Firefox 4 adds speed and tames your tabs
You can then put those tabs in groups -- a social networking group, a news group, an entertainment group and a technology group, for example.
Drag any tab out of the box, and Panorama creates a new tab group. Drag another tab out of the box and place it on top of the first tab that you dragged out, and those tabs form their own tab group in their own box. You can keep creating new groups this way. You can also drag a tab from one group to another.
Double-click any of those groups in Panorama, and you go back to normal Firefox -- but the only tabs visible are those in that group; the tabs in the other groups are hidden. Go back to Panorama, click on a different group, and you'll be working with only those tabs. When you browse the Web and add new tabs, the tabs get added to whatever tab group you're currently using.
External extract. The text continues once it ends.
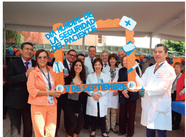
Inauguración del Día Mundial de la Seguridad del Paciente

Todas las estrategias buscan la atención con calidad y con seguridad, las cuales quedan reflejadas en cada uno de nosotros, desde el compañero que vigila la puerta hasta el mayor de los directivos.
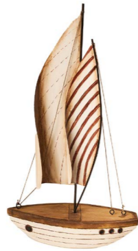
Cod: DL 2007 Des: Barca Zanzibar vela grande Note: 22x10x40

Panorama includes a lot more features, including the ability to close tab groups, resize them and rename them. You can also perform a limited search of all of your open tabs. Panorama will search only the URLs and titles of open tabs, not the content on the pages themselves, but still, it's a useful little feature.
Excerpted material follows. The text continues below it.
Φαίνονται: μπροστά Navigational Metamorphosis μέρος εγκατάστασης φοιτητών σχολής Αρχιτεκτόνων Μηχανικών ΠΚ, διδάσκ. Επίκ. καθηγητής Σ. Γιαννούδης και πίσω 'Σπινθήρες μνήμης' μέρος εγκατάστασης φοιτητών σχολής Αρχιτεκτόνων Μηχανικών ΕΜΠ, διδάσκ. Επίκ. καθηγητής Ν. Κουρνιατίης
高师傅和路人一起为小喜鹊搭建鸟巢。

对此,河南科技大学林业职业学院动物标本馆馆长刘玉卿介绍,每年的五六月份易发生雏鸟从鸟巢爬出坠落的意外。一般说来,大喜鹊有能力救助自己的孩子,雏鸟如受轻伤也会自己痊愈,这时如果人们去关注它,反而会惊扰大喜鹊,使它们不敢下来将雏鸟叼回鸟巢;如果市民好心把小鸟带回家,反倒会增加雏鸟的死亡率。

There's so much to Panorama that it will likely take some time to get used to. But if you're a frequent user of multiple tabs, you'll never want to give it up.
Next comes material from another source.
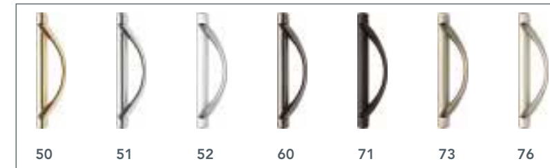
OPTION Poignée Euro

50 Laiton 60 Nickel noir 76 Nickel satiné
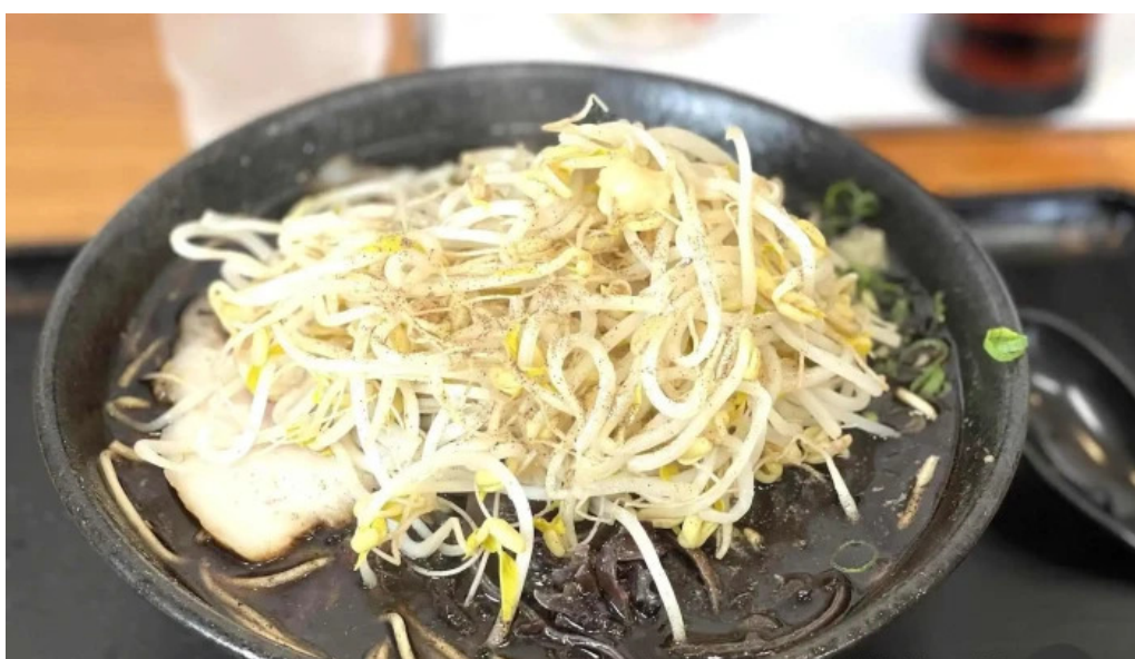
好来ラーメン 蕎麦

Firefox 4 introduces another feature, called Switch to Tab, to help you tame your tabs. As in the previous version of Firefox, when you type text in the address bar, Firefox searches through your history, previous searches and sites you've bookmarked and shows likely matches in a drop-down list below the address bar. Now, however, it also searches through any tabs you have open.
If it finds any matches in your open tabs, it shows a "Switch to tab" icon below the Web page's title in the drop-down list. To go to the tab, click the icon. As with Panorama, this feature searches only the URLs and words in the titles of open tabs, not the content of the sites themselves.
Although the feature is useful, it could be improved. Any search results that match open tabs get mixed in with your history list, previous searches and so on. So it's difficult to see at a glance if your matches are in open tabs.
In addition, you may get multiple matches for the same Web page. If you type "cn" into the address bar, for example, and you have CNN.com open, you may see two matches for it: one from your history list, and another showing it's an open tab. Switch to Tab would be more useful if it showed matching tab search results separately -- on the top of the list, perhaps.
With Firefox 4, you can also permanently pin a tab to the left of the tab bar. That way, the tab is always there, even when you restart Firefox. It's a moderately useful feature, but doesn't go as far as similar Chrome or Internet Explorer features, both of which also let you pin tabs. In Chrome you can also create a shortcut on your desktop to launch a site, while in Internet Explorer 9 you can pin a site to your taskbar in Windows 7.
If you use Firefox on different computers, operating systems and/or devices, you'll be pleased with Firefox Sync, introduced in this new version. Firefox Sync can synchronize bookmarks, browsing history, passwords and open tabs.
If you use Firefox on a Mac and a PC, for example, Firefox Sync will automatically keep all of that in sync between them. And it will also work with the Firefox mobile browser, currently in beta. To do this, you'll have to first set up a Firefox Sync account, and then follow the instructions for using multiple devices. It's a simple and straightforward process.
You can even simultaneously display open tabs from another computer running Firefox. You click the Down arrow at the right of all of your open tabs and select "Tabs from other computers," and you'll see a listing of all of your open tabs on another computer or device. Double-click any of them to open it.
But the tab-sharing feature can be confusing to use. If you are displaying the tabs from another computer, and new tabs are added or closed on the other computer, your display won't update -- it will only show the tabs that were open at the time you asked to see them. In order to see the currently opened tabs, you have to close the page and then ask to see the tabs from another computer again.
Firefox Sync is not completely new to Firefox. In 2007, Mozilla began a syncing project called Weave that is available as an add-on to previous Firefox versions as well as for iPhones, BlackBerry phones and as a beta for Android phones. However, with Firefox 4, it's baked directly into the browser for the first time.
Firefox Sync may not be that useful to those who use different browsers. For them, a better bet is Xmarks, which synchronizes browser bookmarks and passwords for Firefox, Safari, Internet Explorer and Chrome.